Saperstein also deplored recent actions by Chinese, Russian and other state authorities to screen a clampdown on religious communities behind “war on terror” rationales. “Russia continues to use vaguely formulated anti-extremism laws to justify arrests, raids on homes and places of worship, and the confiscation or banning of religious literature,” he said. “Tajikistan bans people under age of 18 from participating in any public religious activities, supposedly on the ground that exposure to religion will lead youths to violence. Chinese officials have increased controls on Uighur Muslims’ peaceful religious expression and practice, including instances of banning beards and headscarves.”

“The message at the heart of this report is that countries benefit when their citizens fully enjoy the rights to which they are entitled,” said Secretary Kerry. “And this is not a hopeful theory; this is a proven reality. No nation can fulfill its potential if its people are denied the right to practice, to hold, to modify, to openly profess their innermost beliefs…. The world has learned through very hard experience that religious pluralism encourages and enables contributions from all; while religious discrimination is often the source of conflicts that endanger all.”

Saperstein added that during his August visit to China, “I found that despite widespread, continuing government abuses and restriction, many places of worship were nonetheless full and flourishing. In areas of the country where the government’s hand was lighter, faith-based social service and welfare agencies operating homeless shelters, orphanages, soup kitchens, made highly positive contributions to the wellbeing of their society.

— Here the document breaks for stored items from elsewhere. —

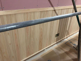 ヒノキの腰板が貼ってありました😊
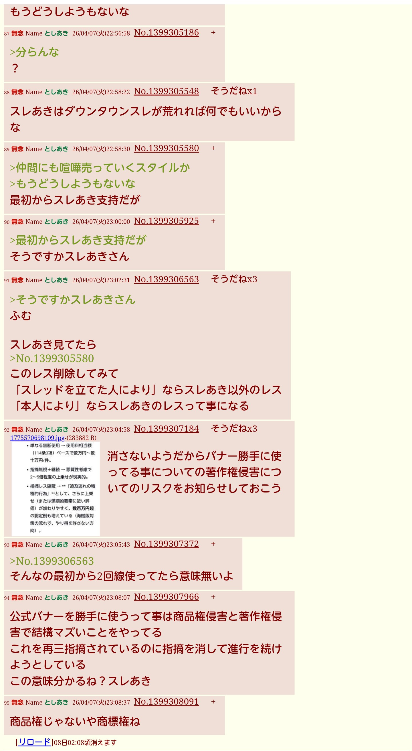 | … | 98無念Nameとしあき26/04/07(火)23:15:37No.1399309686+>消さないようだからバナー勝手に使ってる事についての著作権侵害についてのリスクをお知らせしておこう |
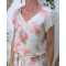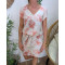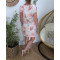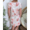 Robe femme droite écrue feuillages roses et taupes Ombelline
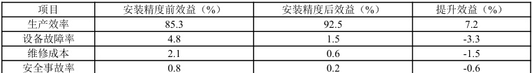表 2 展示了通过提升安装精度后,生产线的整体效益分析。设备安装精度的提高直接推动了生产率的提高,使生产率由85.3%提高到 92.5% ,增幅达到 7.2% 。另外,设备的故障率和维护费用明显下降,从 4.8% 下降到 1.5% ,维护费用降低 1.5%, 。更重要的是,随着设备安装精度的提高,安全事故发生率明显降低,安全事故发生率由 0.8% 下降到 0.2% ,使生产现场更加安全稳定。
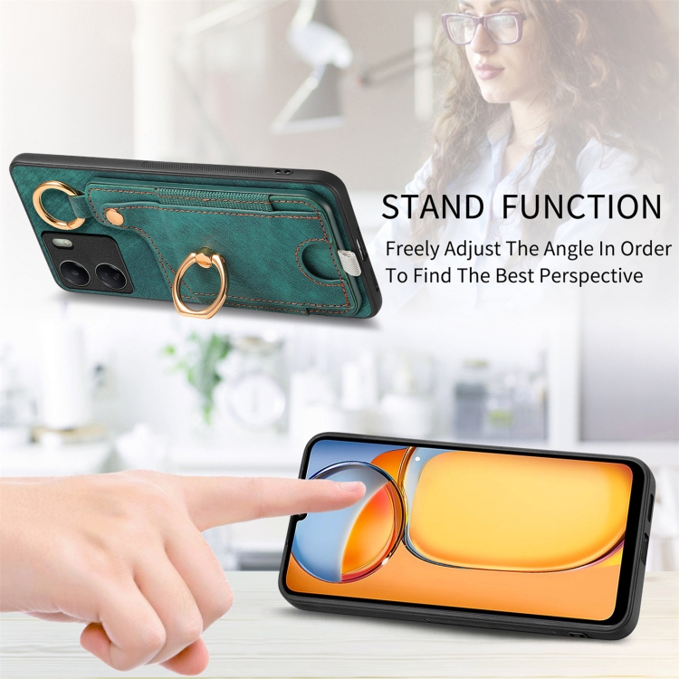 Para Redmi 9C Funda para Teléfono con Bolsa para Tarjeta con Anillo y Sensación de Piel Retro con Lazo para Colgar (Verde)

“We’ve urged the Chinese Government to use that as a model of what can work nationwide. But far more often restrictive policies still stifled religious life, preventing Chinese people from experiencing such benefits.” 

A widespread crackdown on human rights lawyers in China has included attorneys seeking to work within China’s legal system to enhance religious freedom, Saperstein complained, including Zhang Kai, “a peaceful, respected, Christian human rights lawyer who was detained just prior to a meeting with me and whose whereabouts remain unknown.”

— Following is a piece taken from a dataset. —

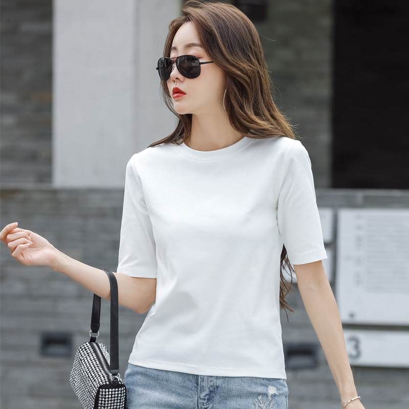 Kaus Wanita Lengan setengah, kaos Dalaman gaya Korea warna solid, baju wanita kasual grosir 2022

Kerry noted that no continent, no nation was exempt from religious bigotry, “sadly, even including our own…. It may be expressed through anti-Semitism or prejudice against Muslims; through the persecution of Christians, Hindus, Buddhists, Sikhs, and others; or it may come in the guise of attacks against religion itself, as we saw so tragically in Oregon at the beginning of this month.

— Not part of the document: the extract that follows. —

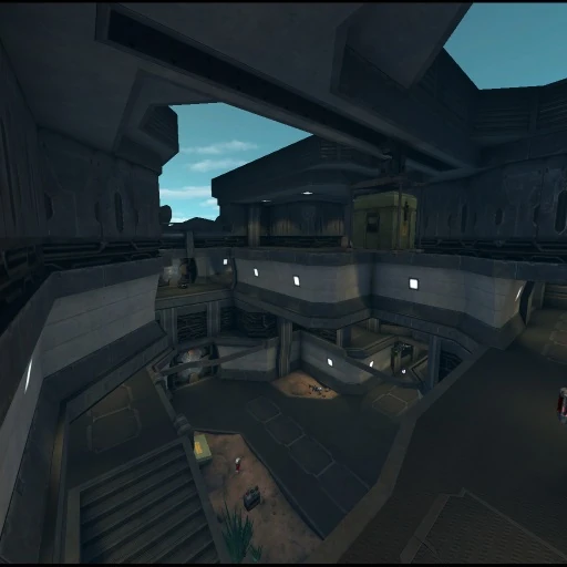 Being a map without a Vortex, one does not need to stack in preparation for damaging sneak hitscan shots; however the only sources of armor is Mega Armor, 50 Armor, and 25 Armor making it important for the out-of-control player not to cede control of the latter pick ups.

“We all have a responsibility,” Kerry said, “to affirm our faith in the principles of religious freedom that the world community has endorsed so many times and that have helped to uplift America and define our country since the 17th century, when Roger Williams issued his call for soul liberty, and when, some years later, Seneca chief Red Jacket told a missionary delegation from Boston, ‘Brother, we do not wish to destroy your religion. We only want to enjoy our own.’

“That’s the fundamental principle of tolerance that guides us,” the secretary said, “and it is a value worth fighting for.”